What you will do: Please restate the data that follows word for word, with the pictures left out.

Dataset section:
....

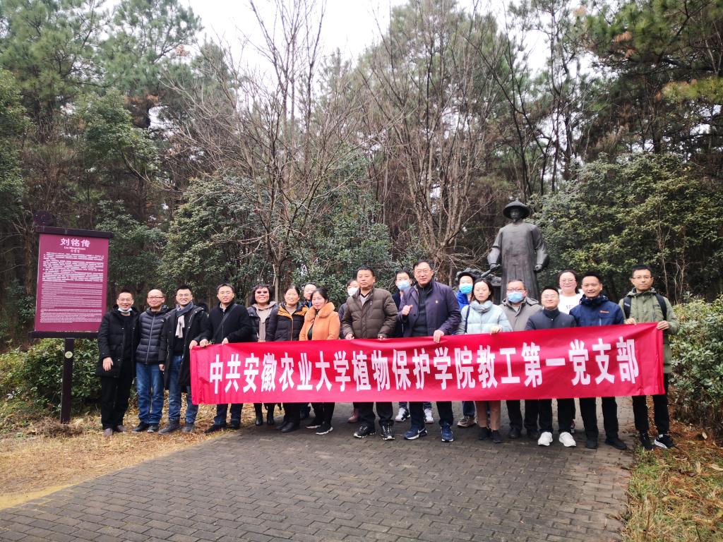 本网讯 1月9日,植物保护学院教工第一党支部全体党员教师赴刘铭传故居和紫蓬山开展主题党日活动。活动由支部书记汪章勋主持,本次活动是为了加强基层党组织建设和凝聚力,促进爱国主义教育,同时提高青年教师理论和实践相结合的能力。
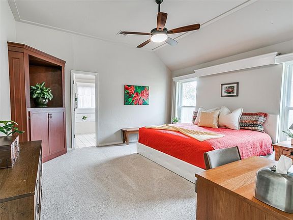 Step into this lovely home with soaring high ceilings and countless custom touches throughout. Enjoy brand new carpet, a fully upgraded electrical panel, and all-new kitchen appliances. The newer roof and recently updated front and side fences add peace of mind. Situated on an oversized lot, this home offers walk-in closets in every bedroom, while the master suite boasts dual closets, double sinks, a shower bench, and a relaxing jetted tub. With a neighborhood playground just steps away, this home is perfect for making memories. Come see it and fall in love today!
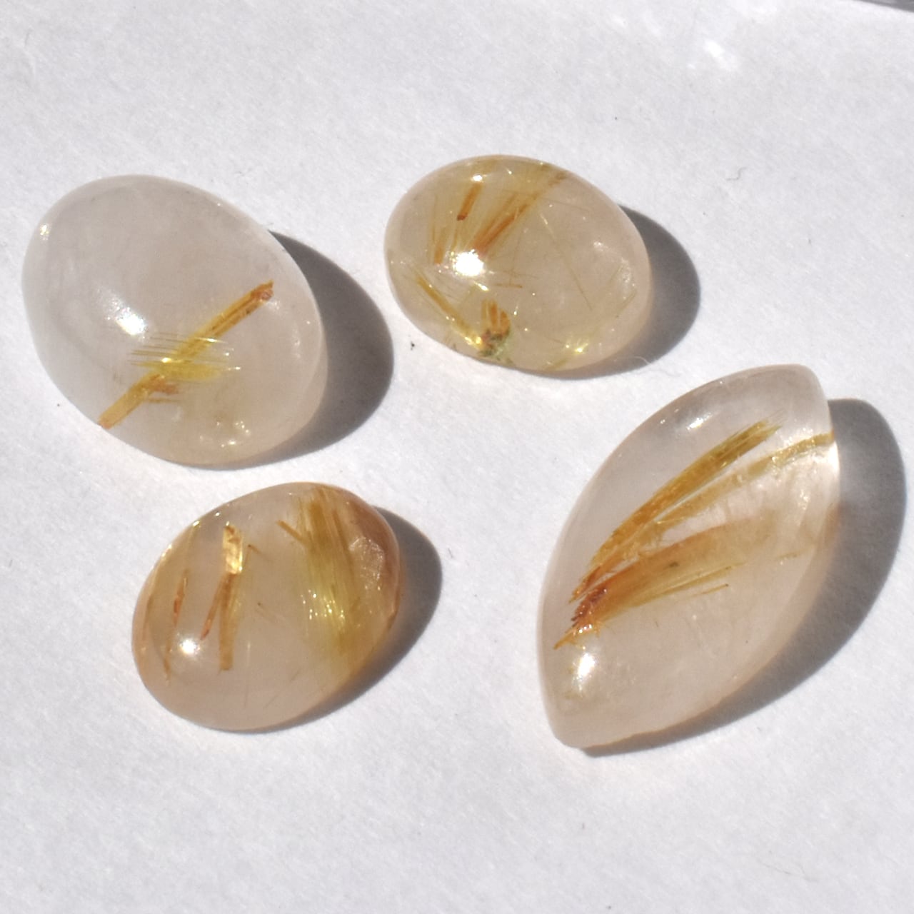 これらは、**天然のルチルクォーツ(水晶の中に金色の針状結晶を抱く石)**です。
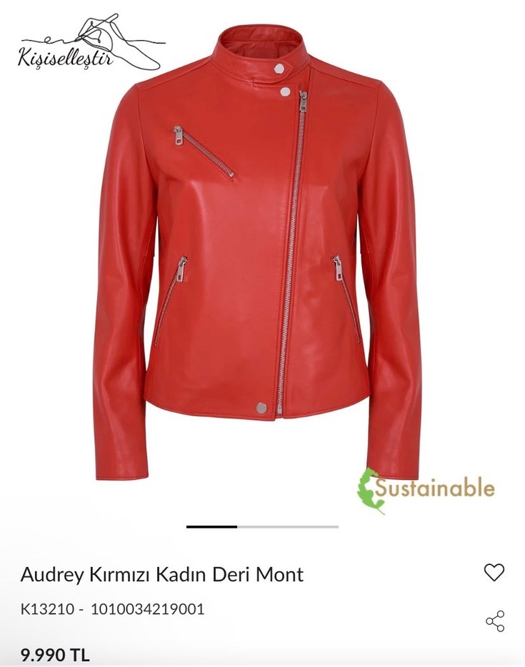 Parlak kırmızı deri biker ceket, fermuarlı cepler ve kesik yakaya sahip. Uzun kollu ve midi boyda, günlük kullanıma uygun.

....

Task response:
 本网讯 1月9日,植物保护学院教工第一党支部全体党员教师赴刘铭传故居和紫蓬山开展主题党日活动。活动由支部书记汪章勋主持,本次活动是为了加强基层党组织建设和凝聚力,促进爱国主义教育,同时提高青年教师理论和实践相结合的能力。
 Step into this lovely home with soaring high ceilings and countless custom touches throughout. Enjoy brand new carpet, a fully upgraded electrical panel, and all-new kitchen appliances. The newer roof and recently updated front and side fences add peace of mind. Situated on an oversized lot, this home offers walk-in closets in every bedroom, while the master suite boasts dual closets, double sinks, a shower bench, and a relaxing jetted tub. With a neighborhood playground just steps away, this home is perfect for making memories. Come see it and fall in love today!
 これらは、**天然のルチルクォーツ(水晶の中に金色の針状結晶を抱く石)**です。
 Parlak kırmızı deri biker ceket, fermuarlı cepler ve kesik yakaya sahip. Uzun kollu ve midi boyda, günlük kullanıma uygun.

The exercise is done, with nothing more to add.